● **Material provided**:
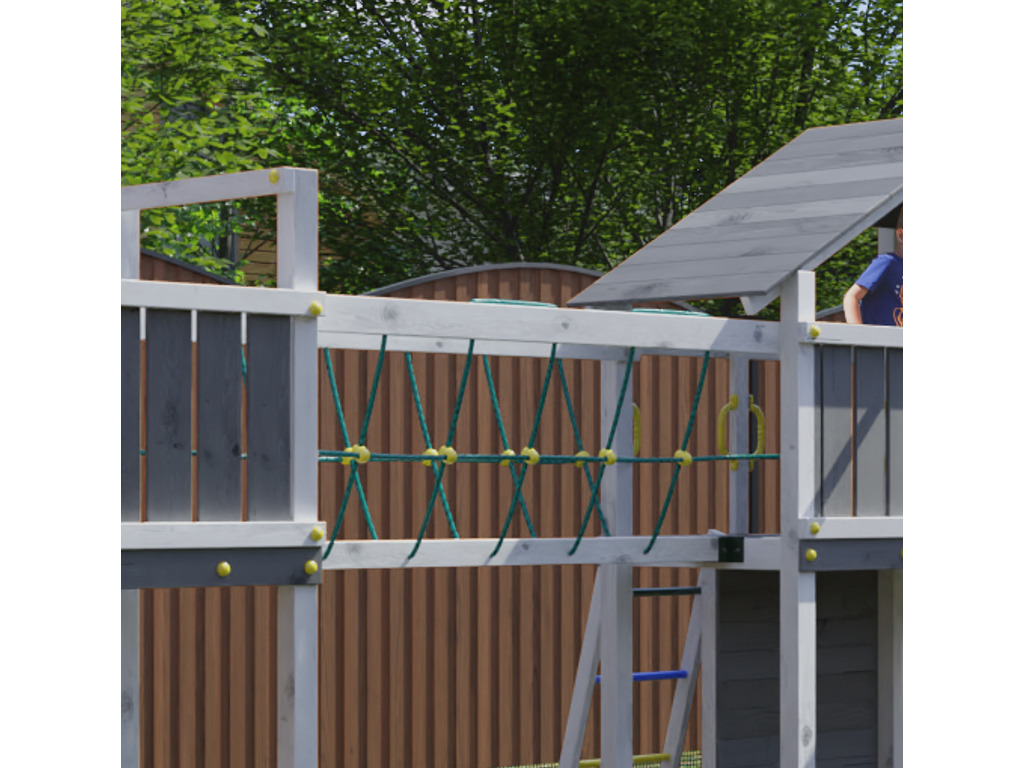 De speeltorenvariant "Bridge" is uitgerust met een brugmodule die de speeltoren met een tweede platform verbindt en zo voor nog meer klimplezier zorgt en tegelijkertijd het evenwichtsgevoel traint.
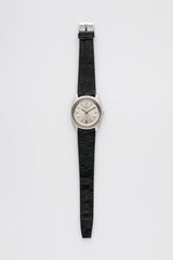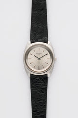 Featuring a sleek tonneau (barrel-shaped) case crafted from stainless steel—a departure from Patek Philippe’s more common use of precious metals—this reference embodies both elegance and a sporty edge. Its minimalist silver dial, adorned with simple stick markers and baton hands, emphasizes clarity and restraint, hallmarks of 1970s watch aesthetics. Powered by a manual-winding movement, the 3579 combines technical precision with a quietly bold design, making it a prized collector’s item for enthusiasts of vintage Patek Philippe and unconventional case shapes.
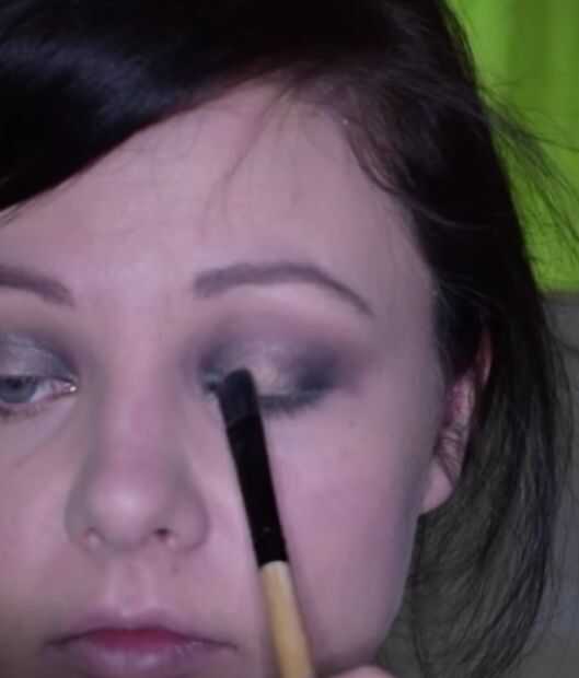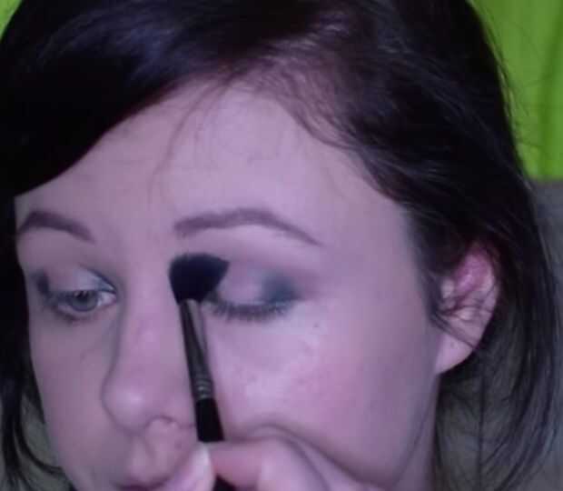 Así que primero apliqué un color verde oscuro a la esquina externa y vértice interno del ojo y luego con un color beige mezcla hacia fuera el verde mezclando esto en el pliegue como color de transición. Luego toma un cepillo más pequeño mullido con un poquito de verde y mezcla los colores de dos esquina juntos para crear la apariencia de halo. Luego con un reluciente color dorado apliqué esto en el centro de la tapa.
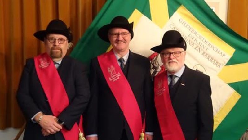 gildekleinSchijndel - Tijdens de algemene jaarvergadering van Gilde Sint Catharina en Barbara Schijndel zijn drie nieuwe gildebroeders geïnstalleerd in de pastorie van de H. Servatiuskerk. Albert Dekker, Jan Goijaerts en Wim van der Schoot zijn de nieuwe gildebroeders van Gilde Sint Catharina en Barbara Schijndel. De drie aspirant-leden zaten in een horecazaak vol spanning te wachten tot het verlossende antwoord kwam. Het toetreden van het Gilde wordt door middel van het bonen bepaald. Ieder gilde-lid krijgt een witte en zwarte boon. Bij een witte boon stemmen de leden vóór, en bij een zwarte boon stemmen de leden tegen. Gelukkig waren alle drie de aspirant-leden positief geboond. Mocht een aspirant-lid een negatieve uitslag hebben, dan brengen de Hoofdman en Dekenschrijver van het Gilde deze persoon traditioneel een stuiver als troost dat deze geen lid mag worden.
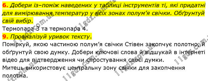 6. Добери із–поміж наведених у таблиці інструментів ті, які придатні для вимірювання температур у всіх зонах полум’я свічки. Обґрунтуй свій вибір. Термопара 3 та термопара 4. 9. Проаналізуй уривок тексту. Поміркуй, якою частиною полум’я свічки Стівен закопчує полотно, й обґрунтуй свою думку. Добери ключові слова й відшукай в інтернеті відео для підтвердження чи спростування своєї думки. Митець використовує центральну зону свічки для закопчення полотна.
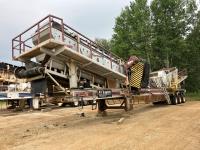(recent jaw re-build) 5 ft X 16 ft 2 deck incline reject screen, feeder with tipping grizzly, 480-volt electric drive, UFD drive belt feeder, TRI/A chassis, 11R22.5 tires
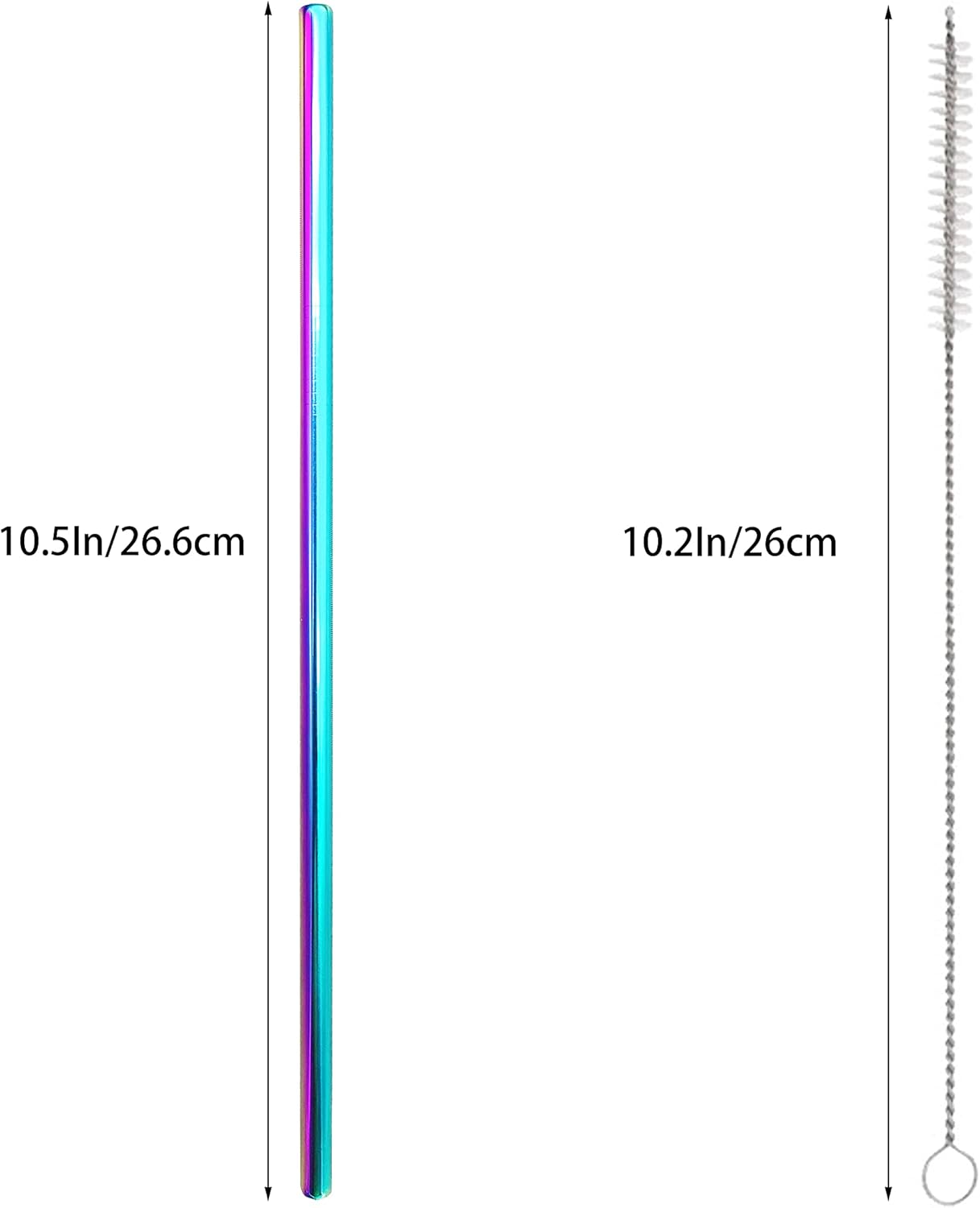 - The Length of Straws is 10.5Inch/26.6cm, The Diameter of Straws is 0.24 Inch/0.6cm, The Length of Scrub Brushes is 10.2Inch/26cm. We Have Different Colors For You To Choose, Various Bright Colors Will Bring You A Pleasant Using Feeling.

● **Instructions to follow**: Restate word for word the lines running from the first line of the material to the line containing "gildekleinSchijndel - Tijdens", inclusive, and drop every picture.

● **Result of this exercise**:
 De speeltorenvariant "Bridge" is uitgerust met een brugmodule die de speeltoren met een tweede platform verbindt en zo voor nog meer klimplezier zorgt en tegelijkertijd het evenwichtsgevoel traint.
 Featuring a sleek tonneau (barrel-shaped) case crafted from stainless steel—a departure from Patek Philippe’s more common use of precious metals—this reference embodies both elegance and a sporty edge. Its minimalist silver dial, adorned with simple stick markers and baton hands, emphasizes clarity and restraint, hallmarks of 1970s watch aesthetics. Powered by a manual-winding movement, the 3579 combines technical precision with a quietly bold design, making it a prized collector’s item for enthusiasts of vintage Patek Philippe and unconventional case shapes.
 Así que primero apliqué un color verde oscuro a la esquina externa y vértice interno del ojo y luego con un color beige mezcla hacia fuera el verde mezclando esto en el pliegue como color de transición. Luego toma un cepillo más pequeño mullido con un poquito de verde y mezcla los colores de dos esquina juntos para crear la apariencia de halo. Luego con un reluciente color dorado apliqué esto en el centro de la tapa.
 gildekleinSchijndel - Tijdens de algemene jaarvergadering van Gilde Sint Catharina en Barbara Schijndel zijn drie nieuwe gildebroeders geïnstalleerd in de pastorie van de H. Servatiuskerk. Albert Dekker, Jan Goijaerts en Wim van der Schoot zijn de nieuwe gildebroeders van Gilde Sint Catharina en Barbara Schijndel. De drie aspirant-leden zaten in een horecazaak vol spanning te wachten tot het verlossende antwoord kwam. Het toetreden van het Gilde wordt door middel van het bonen bepaald. Ieder gilde-lid krijgt een witte en zwarte boon. Bij een witte boon stemmen de leden vóór, en bij een zwarte boon stemmen de leden tegen. Gelukkig waren alle drie de aspirant-leden positief geboond. Mocht een aspirant-lid een negatieve uitslag hebben, dan brengen de Hoofdman en Dekenschrijver van het Gilde deze persoon traditioneel een stuiver als troost dat deze geen lid mag worden.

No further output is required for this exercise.